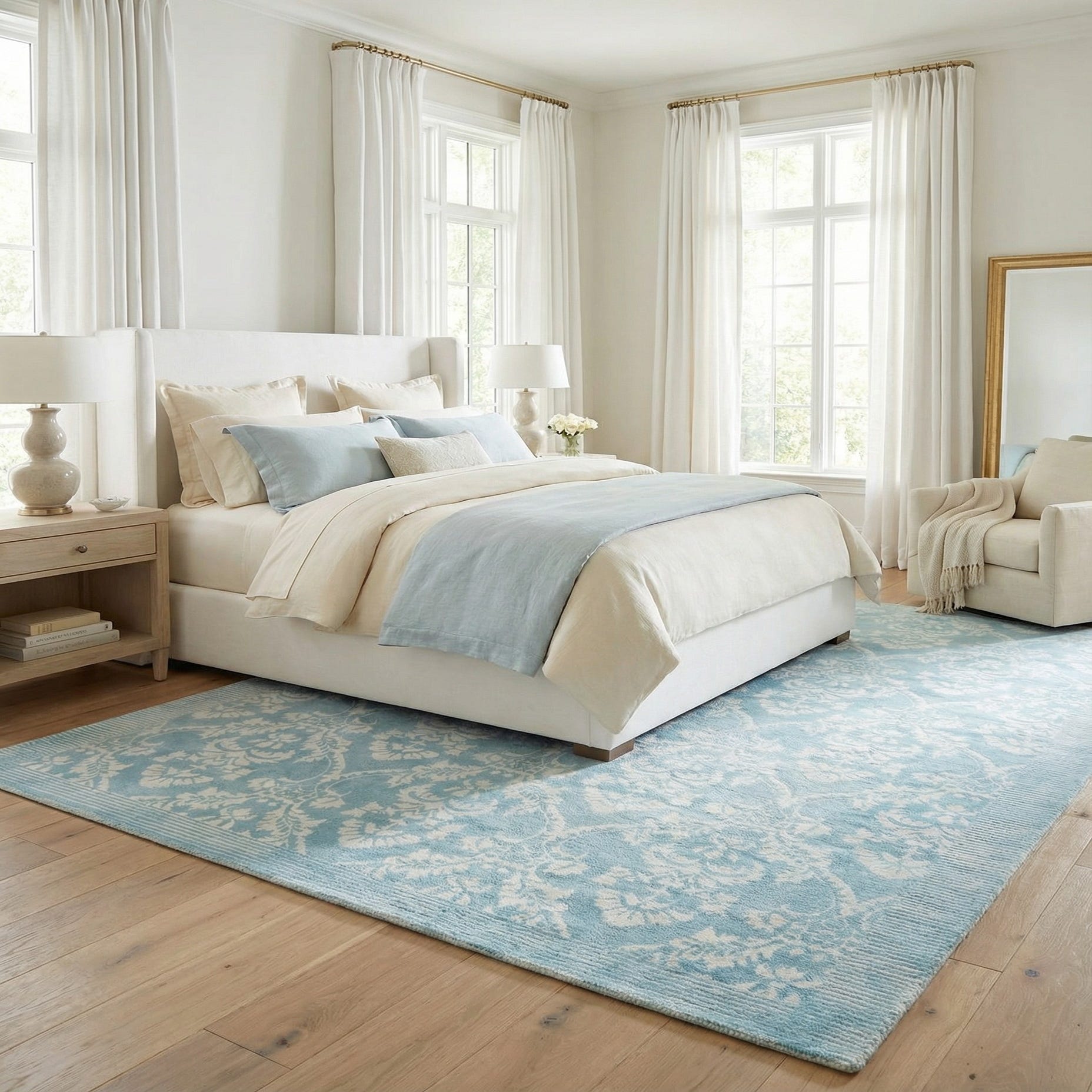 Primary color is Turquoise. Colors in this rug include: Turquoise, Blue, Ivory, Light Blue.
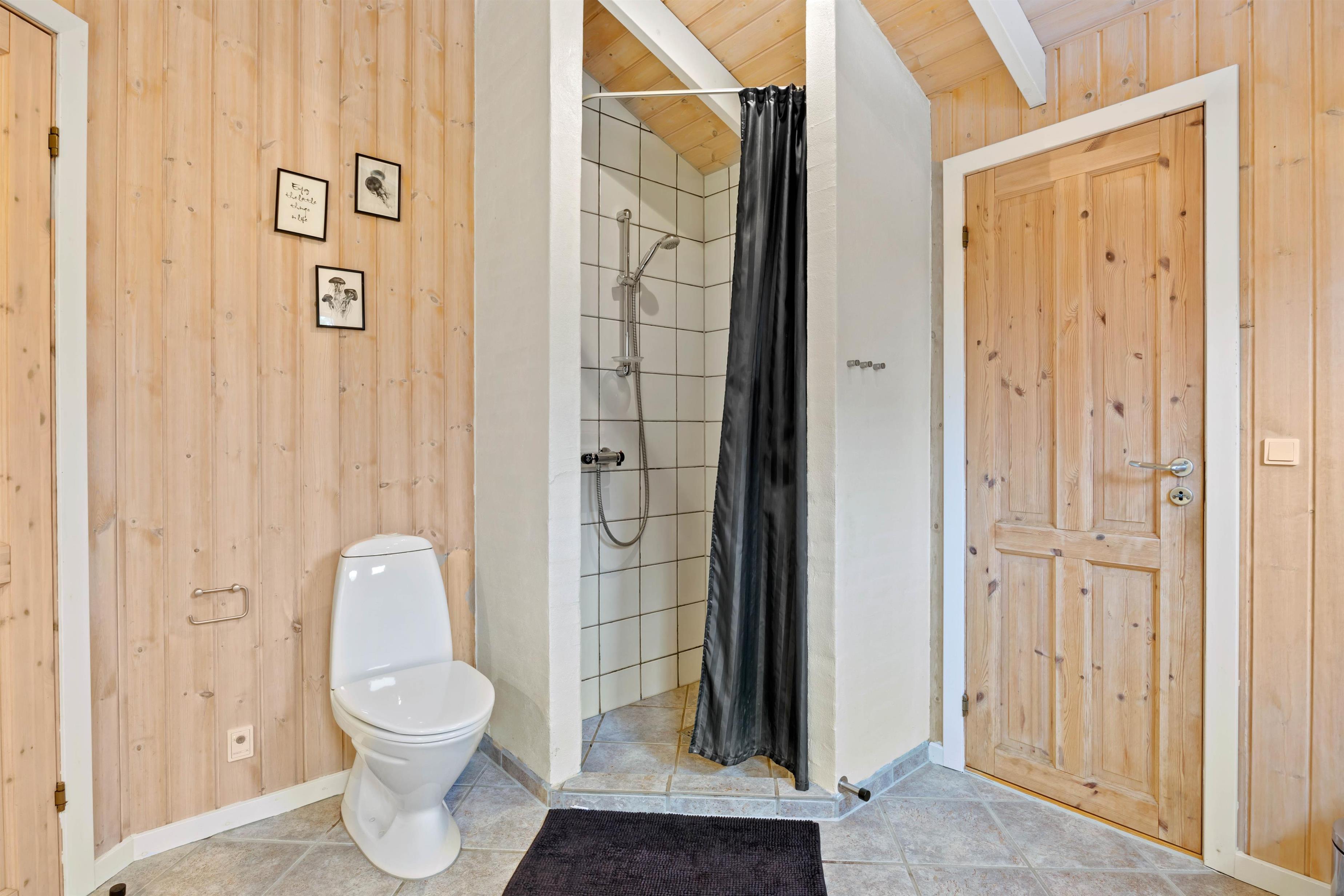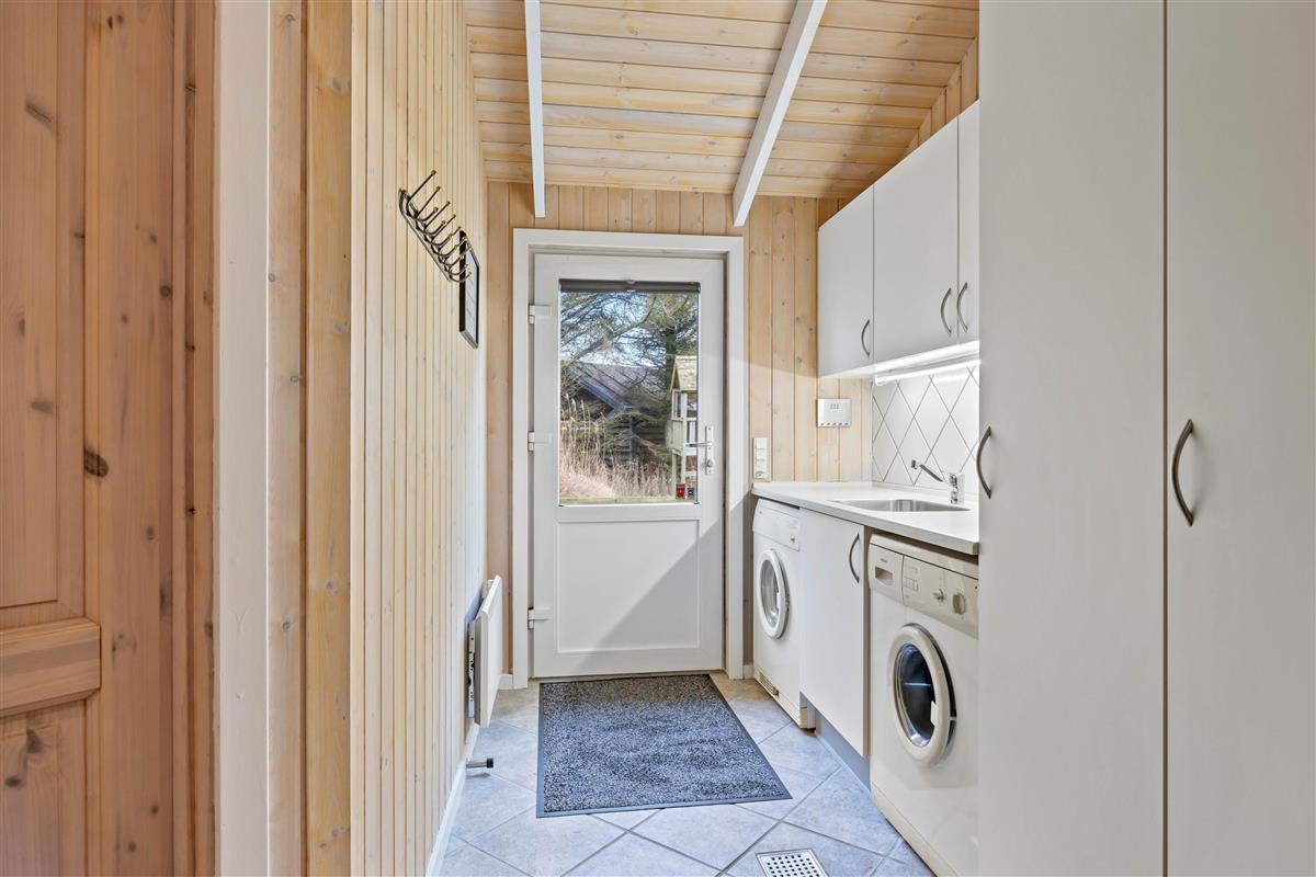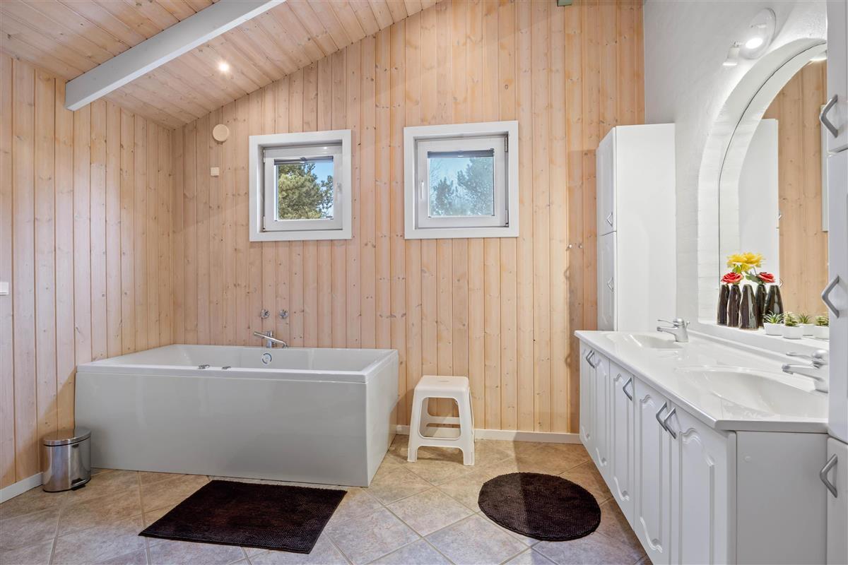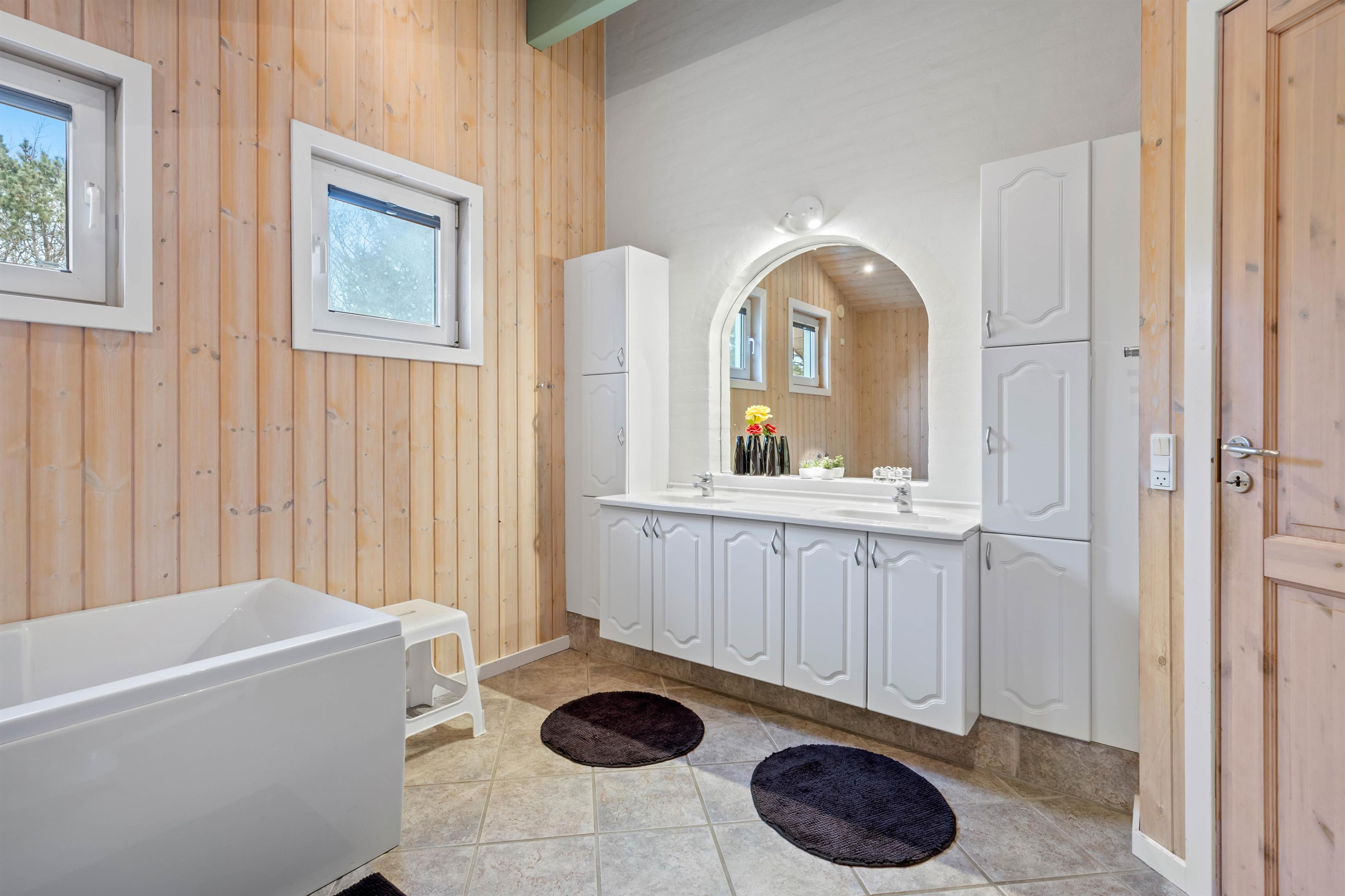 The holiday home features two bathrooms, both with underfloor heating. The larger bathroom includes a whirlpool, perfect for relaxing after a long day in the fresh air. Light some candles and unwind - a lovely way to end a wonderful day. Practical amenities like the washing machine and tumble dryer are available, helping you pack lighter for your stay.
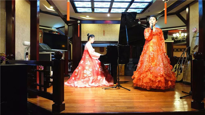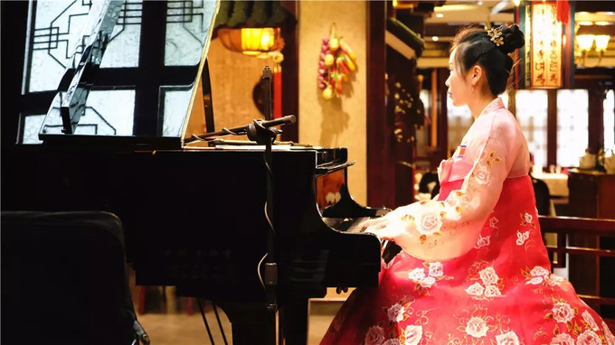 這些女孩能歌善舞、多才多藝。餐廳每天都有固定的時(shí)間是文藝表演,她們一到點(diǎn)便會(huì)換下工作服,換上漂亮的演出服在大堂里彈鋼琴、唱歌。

Work request:
Write out the listing word for word, omitting the pictures it holds.

Exercise answer:
 Primary color is Turquoise. Colors in this rug include: Turquoise, Blue, Ivory, Light Blue.
 The holiday home features two bathrooms, both with underfloor heating. The larger bathroom includes a whirlpool, perfect for relaxing after a long day in the fresh air. Light some candles and unwind - a lovely way to end a wonderful day. Practical amenities like the washing machine and tumble dryer are available, helping you pack lighter for your stay.
 這些女孩能歌善舞、多才多藝。餐廳每天都有固定的時(shí)間是文藝表演,她們一到點(diǎn)便會(huì)換下工作服,換上漂亮的演出服在大堂里彈鋼琴、唱歌。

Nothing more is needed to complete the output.